Document doc = new Document(MyDir + "high-complexity.doc");
foreach (Field field in doc.Range.Fields)
{
    if (field.Type == FieldType.FieldMergeField)
    {
        if (field.GetFieldCode(false).Contains("TableStart"))
            Console.WriteLine(field.GetFieldCode(false));
    }
}
doc.Accept(new DocStructurePrinter());

public class DocStructurePrinter : DocumentVisitor
{
    public override VisitorAction VisitFieldStart(FieldStart start)
    {
        if (fieldResultEndChar == null)
        {
            if (start.FieldType == FieldType.FieldMergeField)
            {
                FieldMergeField field = (FieldMergeField)start.GetField();
                if (field.FieldName.StartsWith("TableStart") || field.FieldName.StartsWith("TableEnd"))
                    Console.WriteLine(field.FieldName);
            }
        }

        return VisitorAction.Continue;
    }

    public override VisitorAction VisitFieldSeparator(FieldSeparator fieldSeparator)
    {
        if (fieldResultEndChar == null)
            fieldResultEndChar = fieldSeparator.GetField().End;

        return VisitorAction.Continue;
    }

    public override VisitorAction VisitFieldEnd(FieldEnd fieldEnd)
    {
        if (fieldResultEndChar == fieldEnd)
            fieldResultEndChar = null;

        return VisitorAction.Continue;
    }

    private FieldEnd fieldResultEndChar;
}

Thank you for the investigation. The code is in .NET, could you confirm thant if it is the same behavior as in Java?

@zwang

Please accept my apology for your inconvenience. You can use the following code example to get the desired output. Hope this helps you.

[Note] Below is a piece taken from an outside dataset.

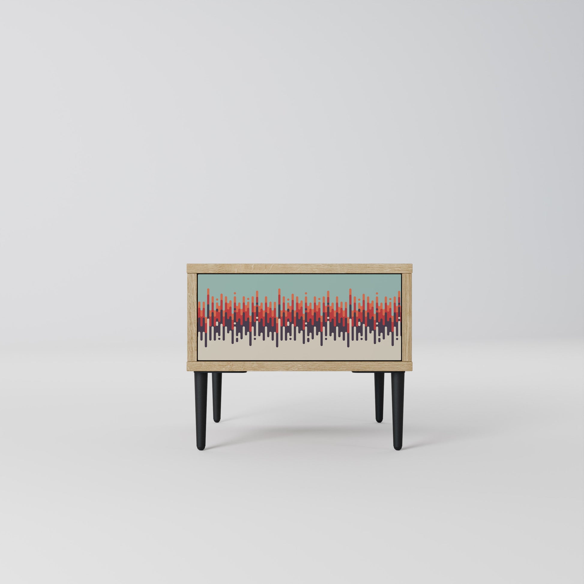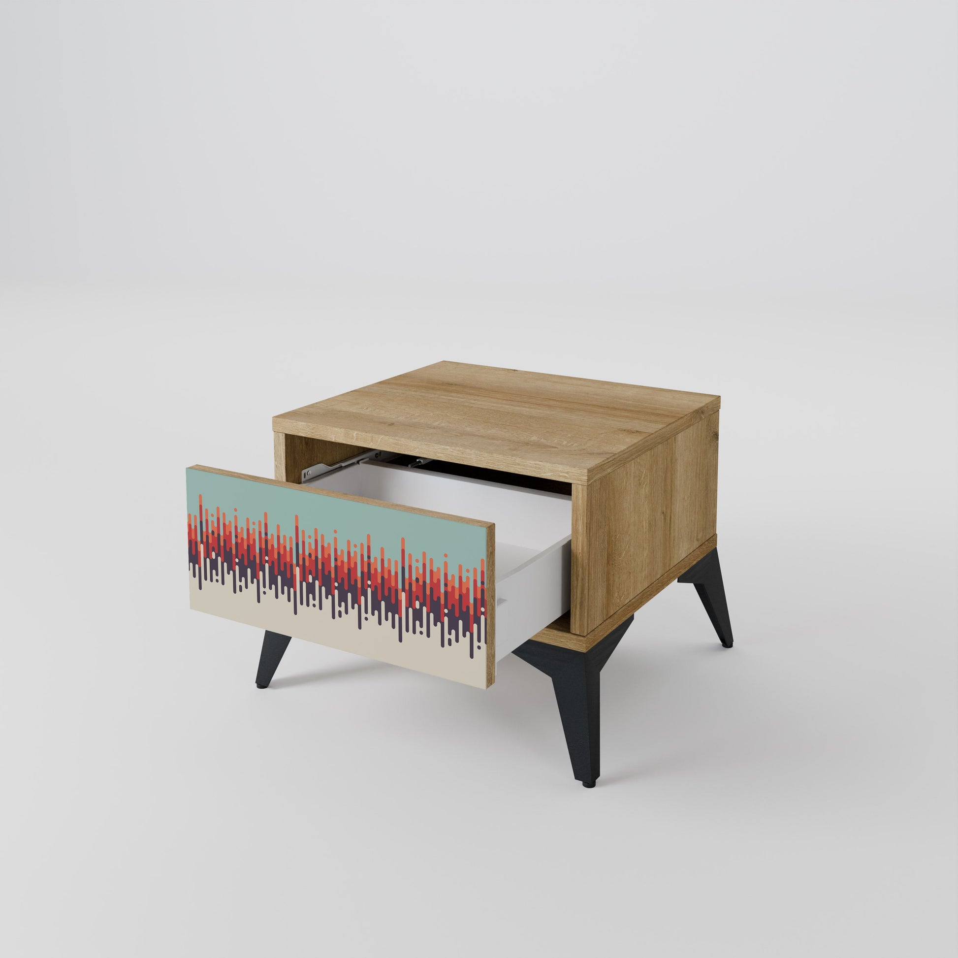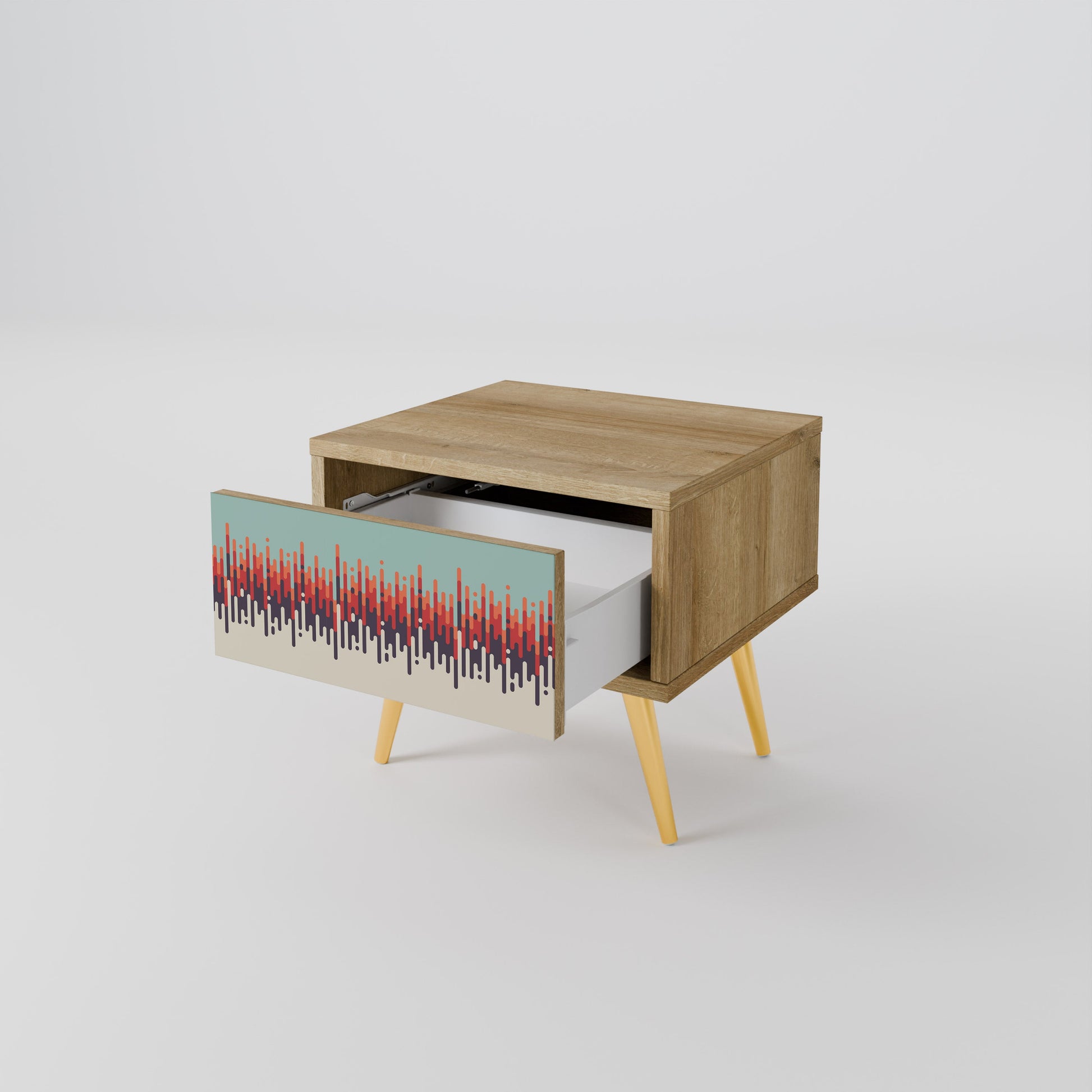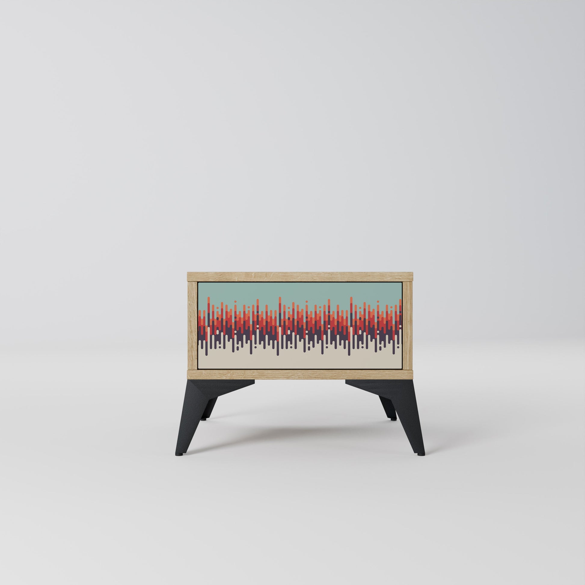 Scopri funzionalità ed eleganza in un formato compatto con il nostro comodino con cassetto. Questo mobile pratico ed elegante coniuga perfettamente la bellezza naturale del legno con il design moderno del frontale del cassetto, creando un elemento armonioso per qualsiasi camera da letto.

Document doc = new Document(MyDir + "high-complexity.doc");
doc.accept(new DocumentVisitor());

public class DocumentVisitor extends com.aspose.words.DocumentVisitor {

    @Override
    public int visitFieldStart(FieldStart fieldStart) throws Exception {
        if (fieldResultEndChar == null)
        {
            if (fieldStart.getFieldType() == FieldType.FIELD_MERGE_FIELD)
            {
                FieldMergeField field = (FieldMergeField)fieldStart.getField();
                if (field.getFieldName().startsWith("TableStart") || field.getFieldName().startsWith("TableEnd"))
                    System.out.println(field.getFieldName());
            }
        }

        return super.visitFieldStart(fieldStart);
    }

    public int visitFieldSeparator(FieldSeparator fieldSeparator) throws Exception {
        if (fieldResultEndChar == null)
            fieldResultEndChar = fieldSeparator.getField().getEnd();

        return super.visitFieldSeparator(fieldSeparator);
    }

    public int visitFieldEnd(FieldEnd fieldEnd) throws Exception {

        if (fieldResultEndChar == fieldEnd)
            fieldResultEndChar = null;

        return super.visitFieldEnd(fieldEnd);
    }
    private FieldEnd fieldResultEndChar;
}

You can create a template document with merge fields by using any Word editor application, like Microsoft Word. By using Word editor application, you can take the advantage of the visual interface to design unique layout official site

@Kimbers

We always encourage positive feedback from our customers. Please let us know if you have any query related to Aspose.Words.